**ABOUT THIS EXERCISE:** Exact copy, pictures excluded: print the lines from the one with "2025年5月8日,华安证券" through the final line of the records.

+++ MATERIAL FOR THE TASK

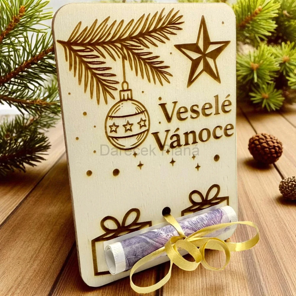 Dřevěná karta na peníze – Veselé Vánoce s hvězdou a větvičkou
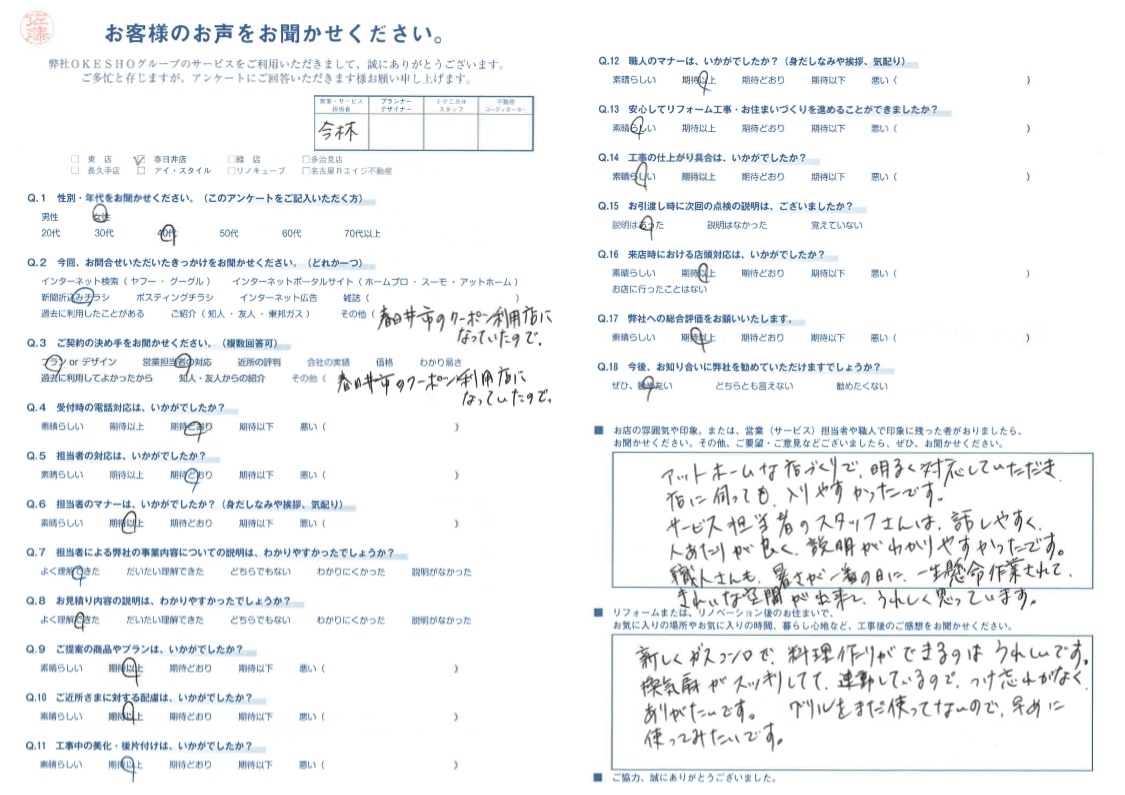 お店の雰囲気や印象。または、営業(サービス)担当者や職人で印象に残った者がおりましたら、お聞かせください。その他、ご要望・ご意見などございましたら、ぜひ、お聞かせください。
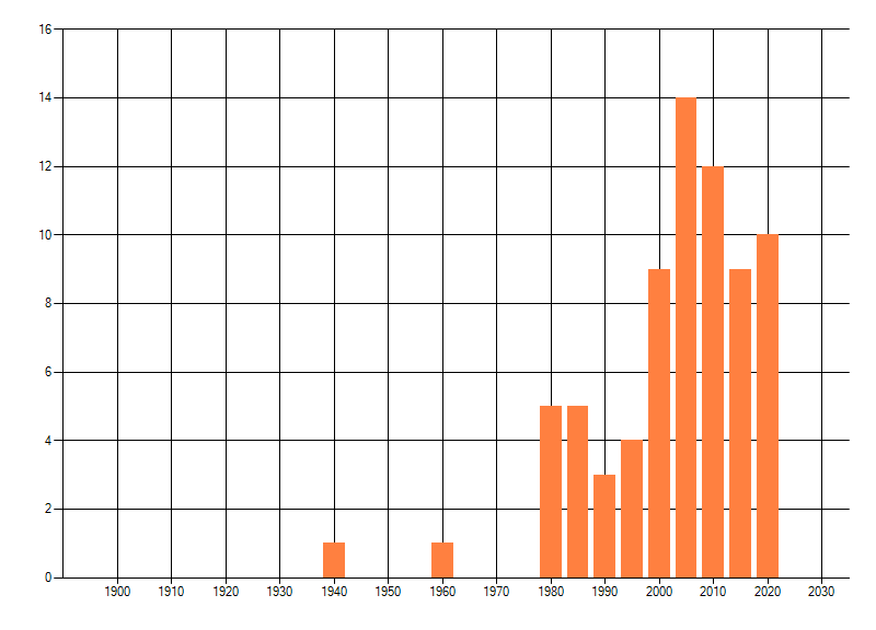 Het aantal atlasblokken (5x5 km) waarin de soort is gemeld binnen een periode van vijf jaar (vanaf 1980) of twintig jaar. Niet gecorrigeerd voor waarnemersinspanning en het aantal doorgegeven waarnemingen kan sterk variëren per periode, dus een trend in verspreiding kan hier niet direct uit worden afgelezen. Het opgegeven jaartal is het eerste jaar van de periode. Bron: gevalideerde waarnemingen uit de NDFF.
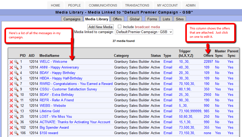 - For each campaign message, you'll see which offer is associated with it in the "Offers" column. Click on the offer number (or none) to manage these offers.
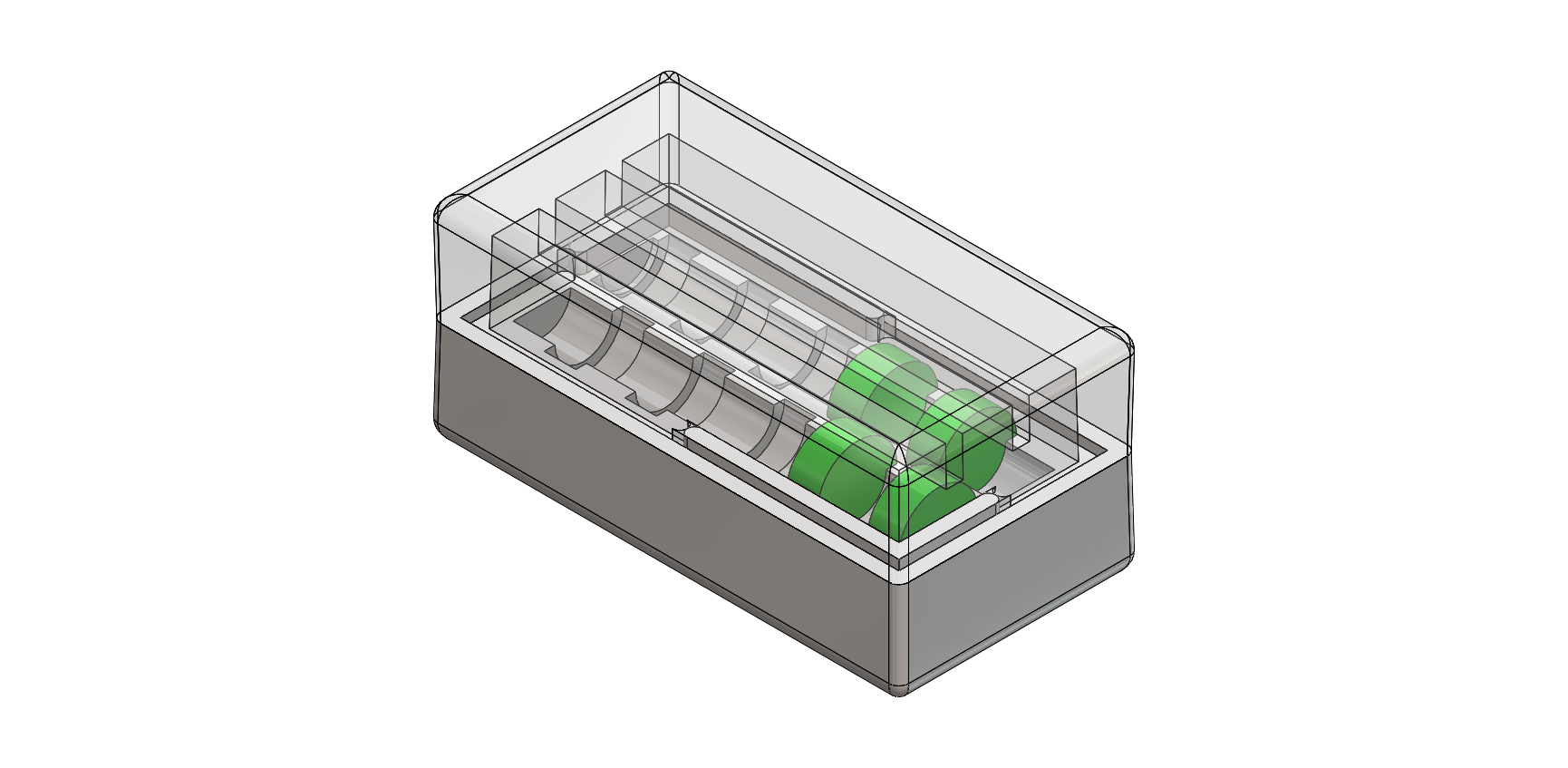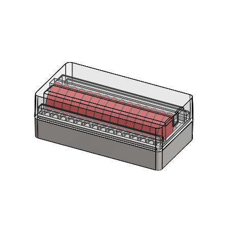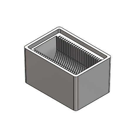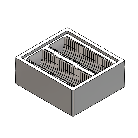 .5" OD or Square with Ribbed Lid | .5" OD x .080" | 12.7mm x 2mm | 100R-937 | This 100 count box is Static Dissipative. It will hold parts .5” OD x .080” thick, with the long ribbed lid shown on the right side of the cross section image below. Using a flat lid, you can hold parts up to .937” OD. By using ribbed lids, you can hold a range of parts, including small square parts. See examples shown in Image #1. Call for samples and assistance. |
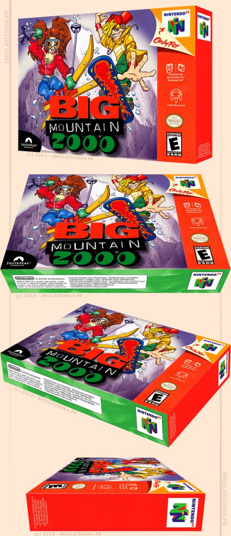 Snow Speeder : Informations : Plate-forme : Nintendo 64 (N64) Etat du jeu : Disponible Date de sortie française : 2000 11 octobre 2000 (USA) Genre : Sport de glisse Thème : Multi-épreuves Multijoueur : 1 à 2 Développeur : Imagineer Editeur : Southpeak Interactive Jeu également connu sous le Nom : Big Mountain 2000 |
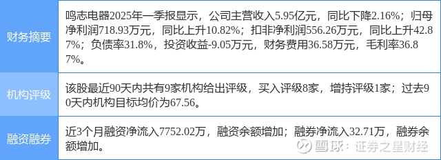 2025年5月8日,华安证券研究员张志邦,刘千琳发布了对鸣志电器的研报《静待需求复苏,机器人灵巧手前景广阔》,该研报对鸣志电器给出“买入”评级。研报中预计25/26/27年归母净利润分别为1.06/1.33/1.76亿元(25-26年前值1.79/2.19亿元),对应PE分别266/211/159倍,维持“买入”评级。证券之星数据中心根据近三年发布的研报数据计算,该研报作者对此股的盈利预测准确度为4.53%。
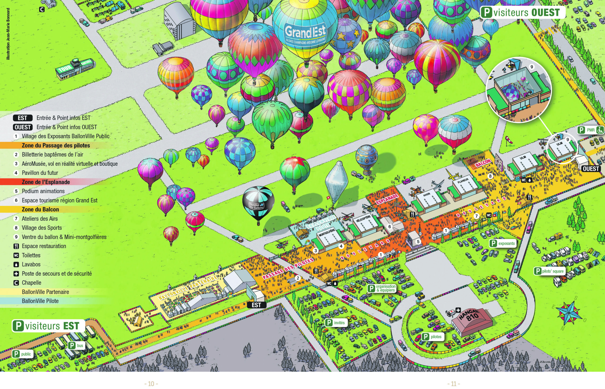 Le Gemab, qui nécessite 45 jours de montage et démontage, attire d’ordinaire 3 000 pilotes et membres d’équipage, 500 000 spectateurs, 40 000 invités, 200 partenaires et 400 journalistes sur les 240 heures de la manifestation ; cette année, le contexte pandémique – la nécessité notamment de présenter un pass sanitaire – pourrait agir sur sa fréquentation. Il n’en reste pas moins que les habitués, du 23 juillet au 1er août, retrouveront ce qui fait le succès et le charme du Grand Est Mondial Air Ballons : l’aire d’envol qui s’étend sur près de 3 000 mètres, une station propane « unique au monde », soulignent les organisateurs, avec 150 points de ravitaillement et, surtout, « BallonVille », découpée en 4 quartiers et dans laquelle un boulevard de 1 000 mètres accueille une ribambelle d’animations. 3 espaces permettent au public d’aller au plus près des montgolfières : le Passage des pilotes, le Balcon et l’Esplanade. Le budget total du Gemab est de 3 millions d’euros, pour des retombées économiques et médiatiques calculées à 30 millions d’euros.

++++++

**SOLUTION FOR THIS TASK:**
 2025年5月8日,华安证券研究员张志邦,刘千琳发布了对鸣志电器的研报《静待需求复苏,机器人灵巧手前景广阔》,该研报对鸣志电器给出“买入”评级。研报中预计25/26/27年归母净利润分别为1.06/1.33/1.76亿元(25-26年前值1.79/2.19亿元),对应PE分别266/211/159倍,维持“买入”评级。证券之星数据中心根据近三年发布的研报数据计算,该研报作者对此股的盈利预测准确度为4.53%。
 Le Gemab, qui nécessite 45 jours de montage et démontage, attire d’ordinaire 3 000 pilotes et membres d’équipage, 500 000 spectateurs, 40 000 invités, 200 partenaires et 400 journalistes sur les 240 heures de la manifestation ; cette année, le contexte pandémique – la nécessité notamment de présenter un pass sanitaire – pourrait agir sur sa fréquentation. Il n’en reste pas moins que les habitués, du 23 juillet au 1er août, retrouveront ce qui fait le succès et le charme du Grand Est Mondial Air Ballons : l’aire d’envol qui s’étend sur près de 3 000 mètres, une station propane « unique au monde », soulignent les organisateurs, avec 150 points de ravitaillement et, surtout, « BallonVille », découpée en 4 quartiers et dans laquelle un boulevard de 1 000 mètres accueille une ribambelle d’animations. 3 espaces permettent au public d’aller au plus près des montgolfières : le Passage des pilotes, le Balcon et l’Esplanade. Le budget total du Gemab est de 3 millions d’euros, pour des retombées économiques et médiatiques calculées à 30 millions d’euros.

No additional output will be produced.